Hoch und Heilig
TEXT: Anton Rieger
FOTOS: Florian Wagner
Warth-Schröcken ist das tiefste Schneeloch am Arlberg – und in ganz Europa. Beste Voraussetzungen also für unendliche Variantenabfahrten im Powder. Oder für eine Freeride-Skitour wie vor 130 Jahren. Der Warther Skiprofi Alois Bickel wandelt mit drei Buddys auf den Spuren eines Skipioniers, der 1894 mit dem Segen von ganz oben unterwegs war.

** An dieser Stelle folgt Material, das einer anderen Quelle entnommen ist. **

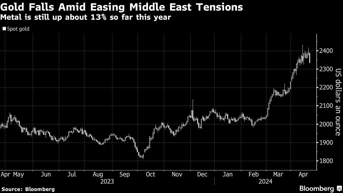 Gold Falls Amid Easing Middle East Tensions | Metal is still up about 13% so far this year Jackson Chen | April 22, 2024 | 9:09 am Share Comments Cancel replyYour email address will not be published. Required fields are marked * Save my name, email, and website in this browser for the next time I comment. Δ No comments found. More News Trafigura’s Nyrstar ships first antimony batch from Australia plant The Port Pirie facility has the potential to produce up to 5,000 tons of antimony per year. February 16, 2026 | 07:16 am {{ commodity.name }} {{ post.title }} {{ post.excerpt }} {{ post.date }} First < {{ page }} > Last

Tief Luft holen, Backen zusammen und rein ins Weiß! Alois lässt das Gipfelkreuz des Warther Horns und seine drei Freunde über sich zurück und schießt den Hang hinunter, dass der Schnee nur so staubt. Frau Holle muss ein besonderes Faible für Warth-Schröcken haben. Anders ist dieser steile Traum in Pulverform nicht erklärbar. Jeden Winter fallen die Flocken massig am Arlberg. „Wir haben hier oben am Hochtannbergpass sieben Monate lang eine geschlossene Schneedecke“, sagt Fritz Schlierenzauer, der seit Jahrzehnten die Schneehöhen misst. Zwischen November 1998 und Ende April 1999 dokumentierte der Seniorchef des Berghotels Körbersee kumulierte sechzehn Meter fünfzig. Das ließ die ruhige Nordseite des Arlbergs zur Nummer eins der schneereichsten Orte Europas rieseln. Noch vor den berühmten Nachbarn Lech und St. Anton. Unglaublich, aber Warth! Perfekte Rahmenbedingungen also für einen Tag unvergesslichen Tiefschneetauchens mit den Besties. Aber davon später mehr.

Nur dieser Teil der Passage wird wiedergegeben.